═══ EXTRACTED DATA

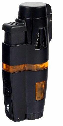 Hadson Machine Black szivar öngyújtó fekete, sárga színű gáztartállyal. Tetején egy zárófedél védi a szennyeződésektől a hármas szúrólángot, piezo gyújtással akár a nagyobb ...
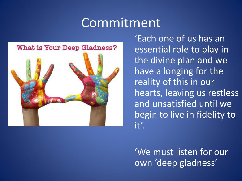 Commitment ‘Each one of us has an essential role to play in the divine plan and we have a longing for the reality of this in our hearts, leaving us restless and unsatisfied until we begin to live in fidelity to it’. ‘We must listen for our own ‘deep gladness’
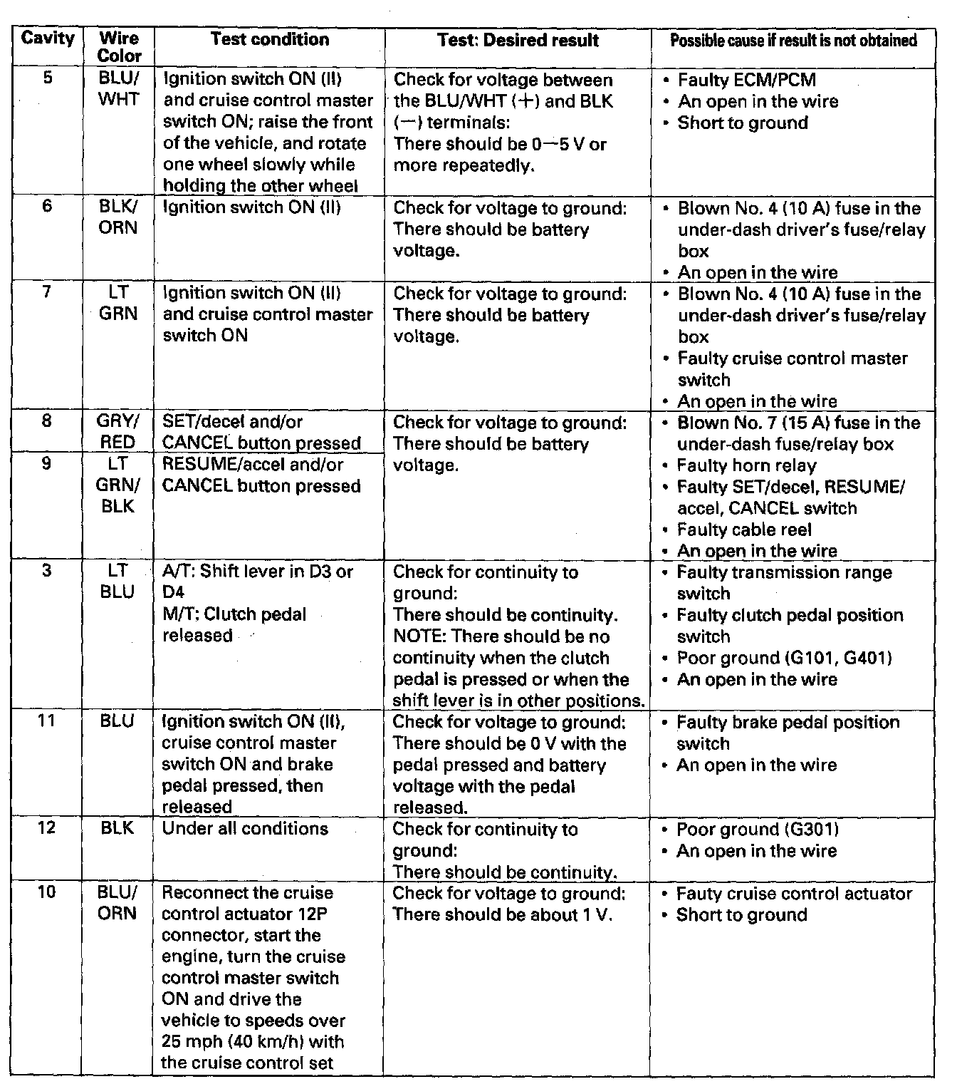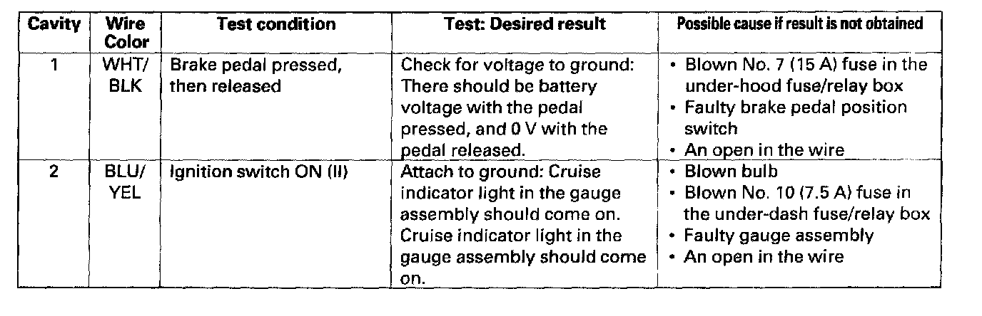 Cruise Control Actuator Input Test2-door D17A1, D17A2 engines
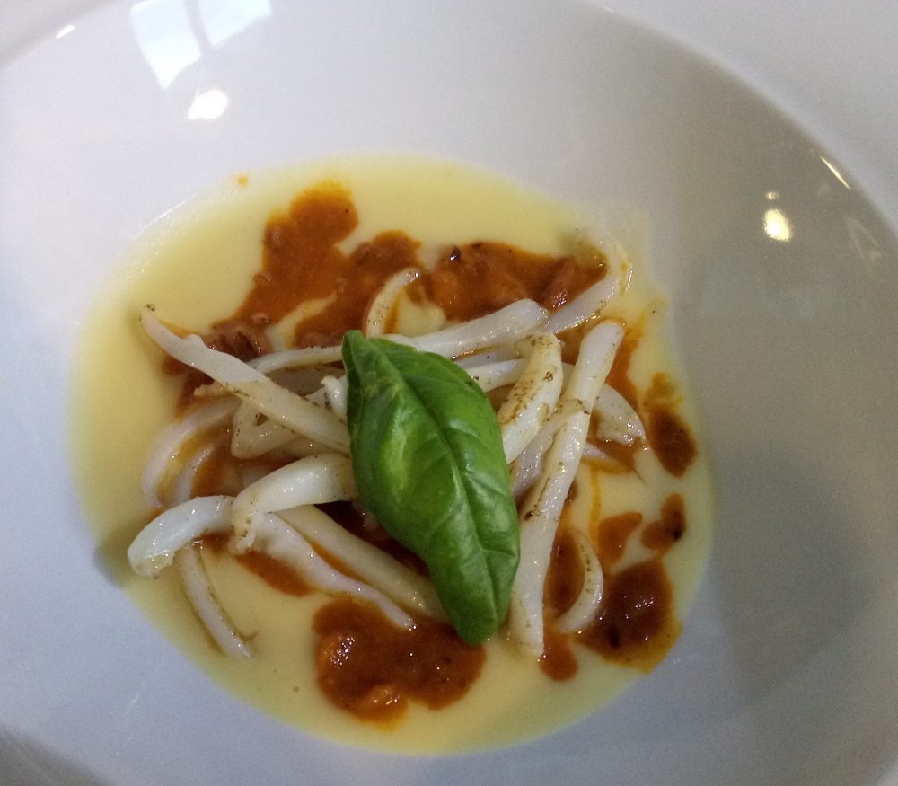 Zuppetta di seppia al pomodoro e la sua tagliatella, su vellutata di fagioli di Controne. Piatto piacevole, fresco, intrigante e bene elaborato, segnato da un tocco di classe.
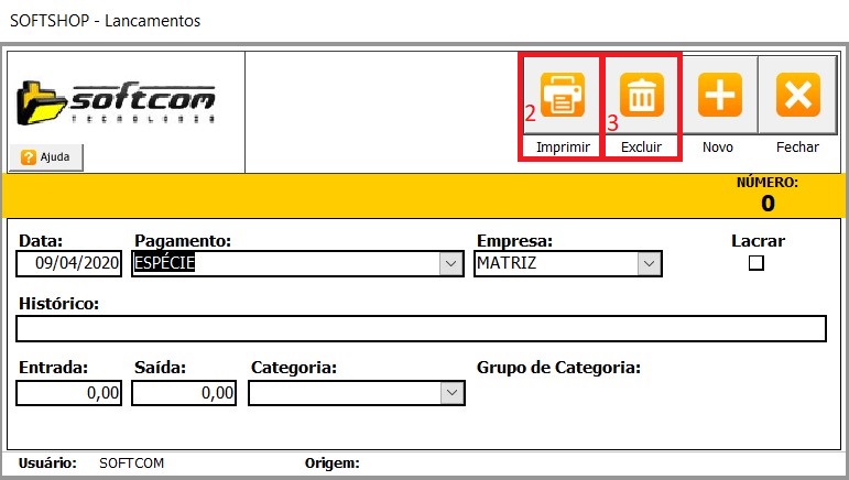 4 - Você também tem a opção de imprimir (2) ou excluir (3) o laçamento.
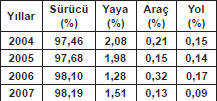 6.) Araç ilk yardım çantasında bulunması gereken malzemenin miktarını etkileyen, aşağıdakilerden hangisidir?
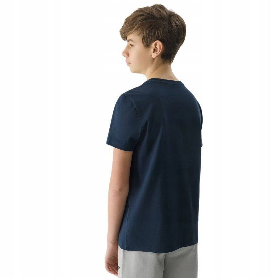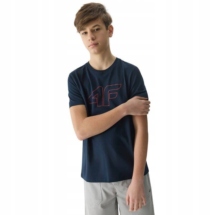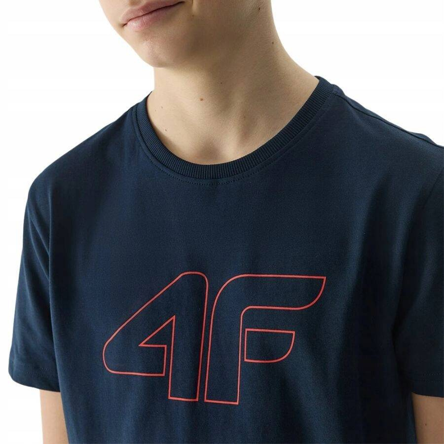 T-shirt z nadrukiem idealnie sprawdzi się jako element zarówno casualowych, jak i sportowych stylizacji na co dzień. Posiada krój regular, który wygodnie dopasowuje się do sylwetki. Splot single jersey z jednostronną gładką powierzchnią sprawia, że koszulka jest elastyczna i komfortowa w noszeniu. T-shirt 4F chłopięcy jest wykonany w 100% z bawełny, dzięki czemu jest miękki, trwały i przyjemny w dotyku. Okrągły dekolt jest zakończony lekkim ribowaniem. Z przodu widoczny nadruk 4F.
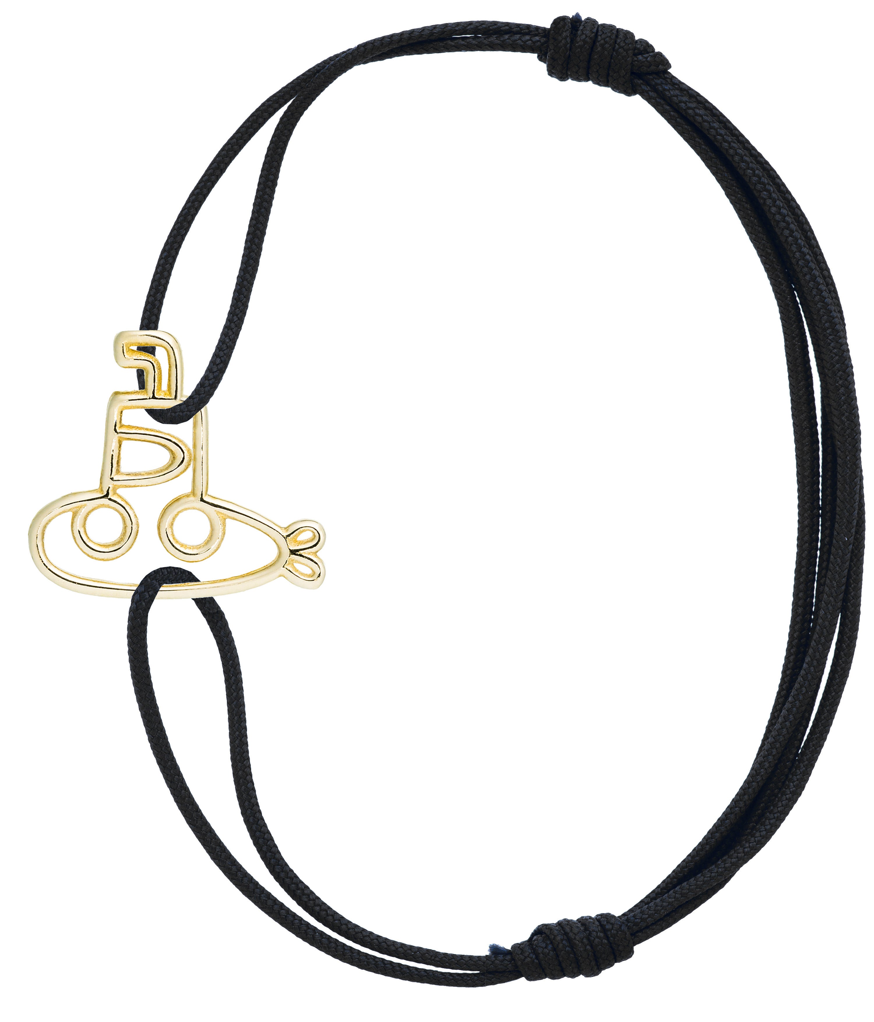A journey on your wrist. The Submarino bracelet pairs a playful cord with a sleek, submarine-shaped charm — a gold symbol of curiosity, crafted for everyday wear.
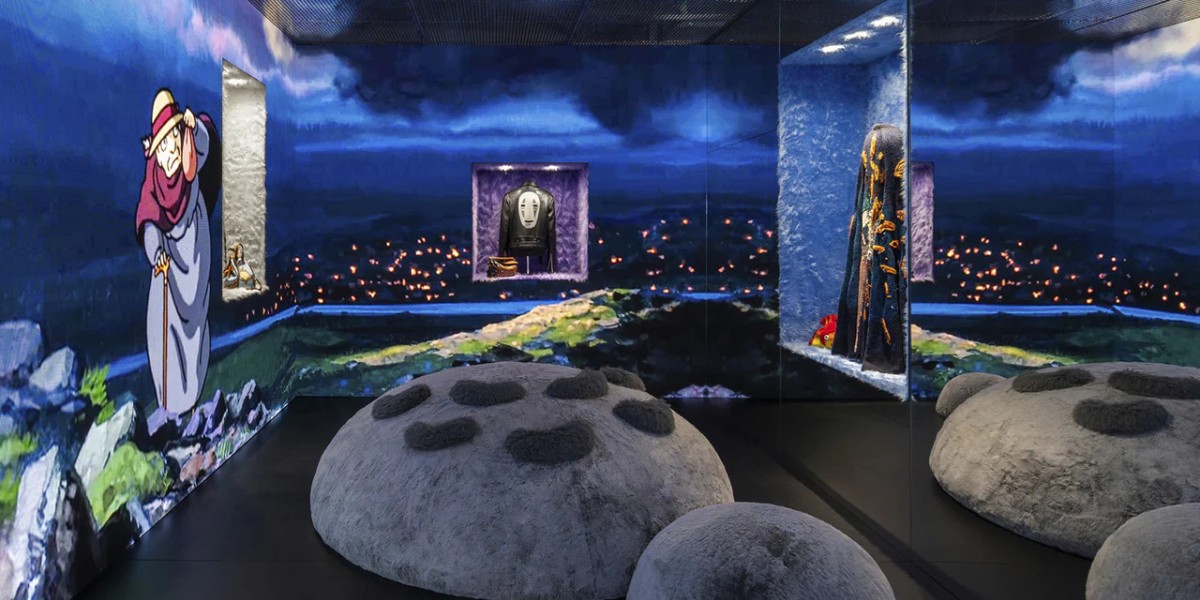 “The exhibition transports the audience from the sights and sounds of Spain, to the front row of the Paris runway, and in a series of interactive rooms, inside the visionary imagination that has inspired Loewe’s recent collections—including those of Studio Ghibli and the Kyoto-based ceramics studio Suna Fujita,” Loewe said in a release.
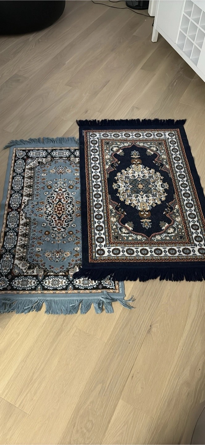 1000+Two rugs in excellent condition. One is light blue and the other is navy blue. 44 x 27”. Pick up from Yonge and queens quay.
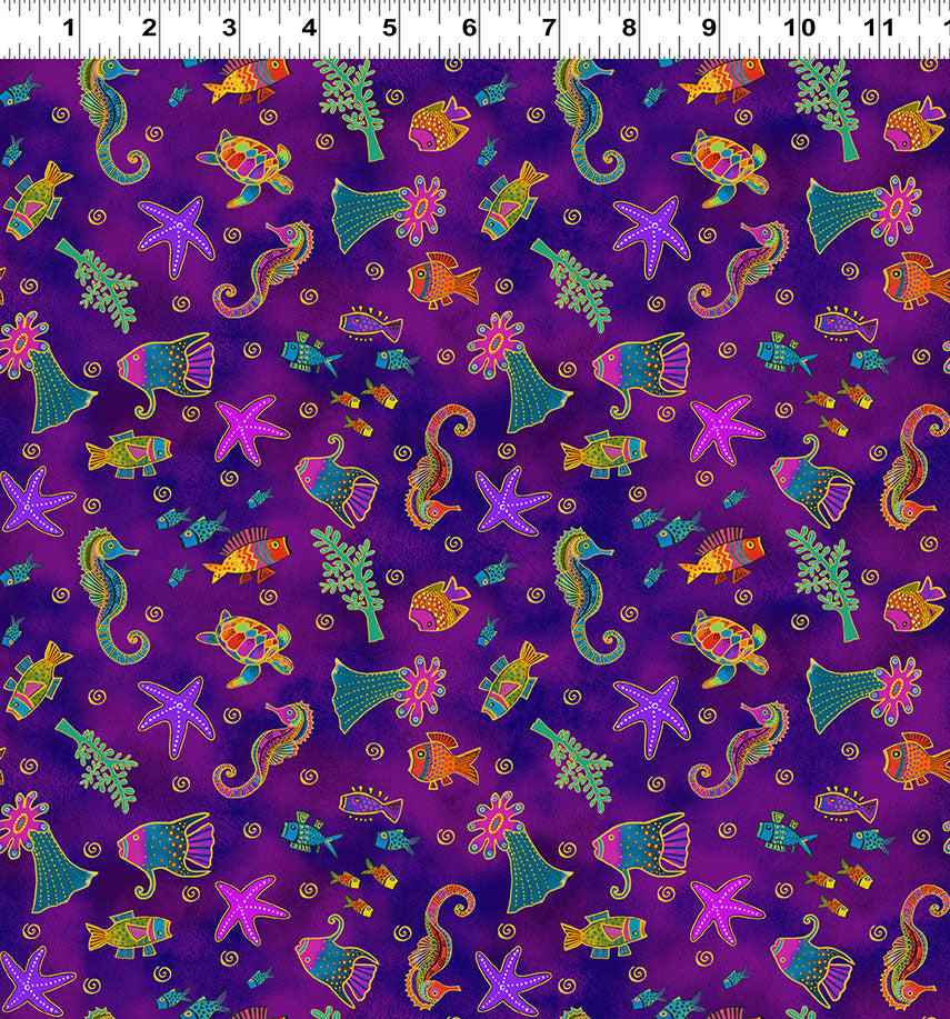 Immerse yourself in our vibrant new Oceania collection from Laurel's legendary imagination! This whimsical, rainbow-hued print captivates with a playful assembly of her beloved seahorses, turtles, and charming tropical fish against a rich dark orchid background glinting with gold metallic threads.
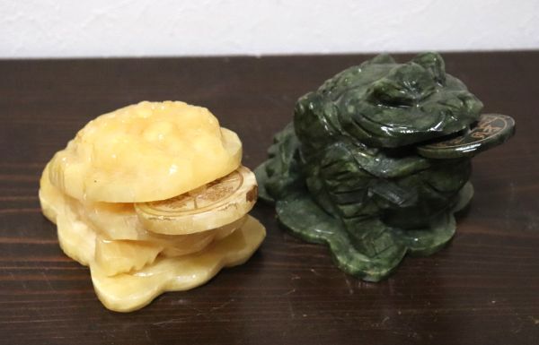 - 中国 砡製の銭蛙 置物 二点 縁起物 n825
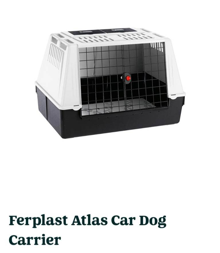 Traveling by car with your dog in complete safety has never been easier. Atlas Car is a sturdy, lightweight pet carrier, made of plastic with a plastic-coated steel door.
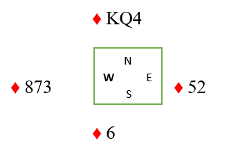Forskjellen er at ruter 5 som i dette tilfellet er i behold nå har blitt et like stort kort som åtteren som er den nest høyest ruteren. Idet spillefører kommer inn spilles simpelthen ruter 5 som presser ut nords siste honnør, og ruter 8 er godspilt for ett sparavkast, kontrakten hjemspilt.
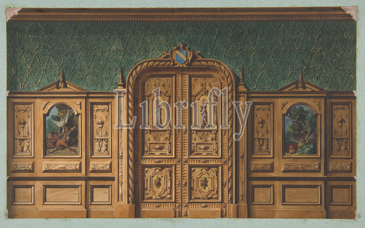 Design, room, wood panels inset, paintings, heavily-carved double door, 1830–97, graphite, pen, ink, watercolor, gold paint, wove paper, mounted, blue wove, Overall, 10 3/8 x 14 3/4, 26.4 37.5 cm, Drawings, Jules-Edmond-Charles Lachaise, French, died, 1897, Eugène-Pierre Gourdet, born Paris, 1820
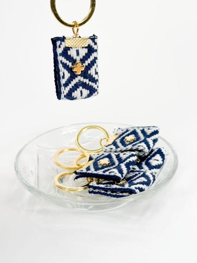 Μαρτυρικό μπρελοκ με δίχρωμη άσπρη|μπλε τρέσα και επιχρυσωμένο κολλητό σταυρό.
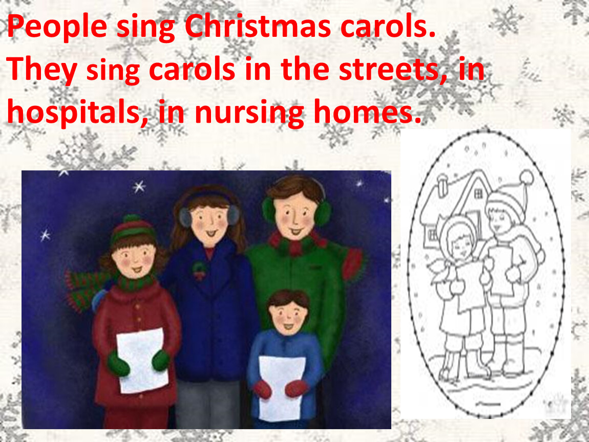 People sing Christmas carols. They sing carols in the streets, in hospitals, in nursing homes.

══════

• EXERCISE:
An exact copy of every record above is needed, with all pictures left out.

• OUTPUT BELOW:
 Hadson Machine Black szivar öngyújtó fekete, sárga színű gáztartállyal. Tetején egy zárófedél védi a szennyeződésektől a hármas szúrólángot, piezo gyújtással akár a nagyobb ...
 Commitment ‘Each one of us has an essential role to play in the divine plan and we have a longing for the reality of this in our hearts, leaving us restless and unsatisfied until we begin to live in fidelity to it’. ‘We must listen for our own ‘deep gladness’
 Cruise Control Actuator Input Test2-door D17A1, D17A2 engines
 Zuppetta di seppia al pomodoro e la sua tagliatella, su vellutata di fagioli di Controne. Piatto piacevole, fresco, intrigante e bene elaborato, segnato da un tocco di classe.
 4 - Você também tem a opção de imprimir (2) ou excluir (3) o laçamento.
 6.) Araç ilk yardım çantasında bulunması gereken malzemenin miktarını etkileyen, aşağıdakilerden hangisidir?
 T-shirt z nadrukiem idealnie sprawdzi się jako element zarówno casualowych, jak i sportowych stylizacji na co dzień. Posiada krój regular, który wygodnie dopasowuje się do sylwetki. Splot single jersey z jednostronną gładką powierzchnią sprawia, że koszulka jest elastyczna i komfortowa w noszeniu. T-shirt 4F chłopięcy jest wykonany w 100% z bawełny, dzięki czemu jest miękki, trwały i przyjemny w dotyku. Okrągły dekolt jest zakończony lekkim ribowaniem. Z przodu widoczny nadruk 4F.
A journey on your wrist. The Submarino bracelet pairs a playful cord with a sleek, submarine-shaped charm — a gold symbol of curiosity, crafted for everyday wear.
 “The exhibition transports the audience from the sights and sounds of Spain, to the front row of the Paris runway, and in a series of interactive rooms, inside the visionary imagination that has inspired Loewe’s recent collections—including those of Studio Ghibli and the Kyoto-based ceramics studio Suna Fujita,” Loewe said in a release.
 1000+Two rugs in excellent condition. One is light blue and the other is navy blue. 44 x 27”. Pick up from Yonge and queens quay.
 Immerse yourself in our vibrant new Oceania collection from Laurel's legendary imagination! This whimsical, rainbow-hued print captivates with a playful assembly of her beloved seahorses, turtles, and charming tropical fish against a rich dark orchid background glinting with gold metallic threads.
 - 中国 砡製の銭蛙 置物 二点 縁起物 n825
 Traveling by car with your dog in complete safety has never been easier. Atlas Car is a sturdy, lightweight pet carrier, made of plastic with a plastic-coated steel door.
Forskjellen er at ruter 5 som i dette tilfellet er i behold nå har blitt et like stort kort som åtteren som er den nest høyest ruteren. Idet spillefører kommer inn spilles simpelthen ruter 5 som presser ut nords siste honnør, og ruter 8 er godspilt for ett sparavkast, kontrakten hjemspilt.
 Design, room, wood panels inset, paintings, heavily-carved double door, 1830–97, graphite, pen, ink, watercolor, gold paint, wove paper, mounted, blue wove, Overall, 10 3/8 x 14 3/4, 26.4 37.5 cm, Drawings, Jules-Edmond-Charles Lachaise, French, died, 1897, Eugène-Pierre Gourdet, born Paris, 1820
 Μαρτυρικό μπρελοκ με δίχρωμη άσπρη|μπλε τρέσα και επιχρυσωμένο κολλητό σταυρό.
 People sing Christmas carols. They sing carols in the streets, in hospitals, in nursing homes.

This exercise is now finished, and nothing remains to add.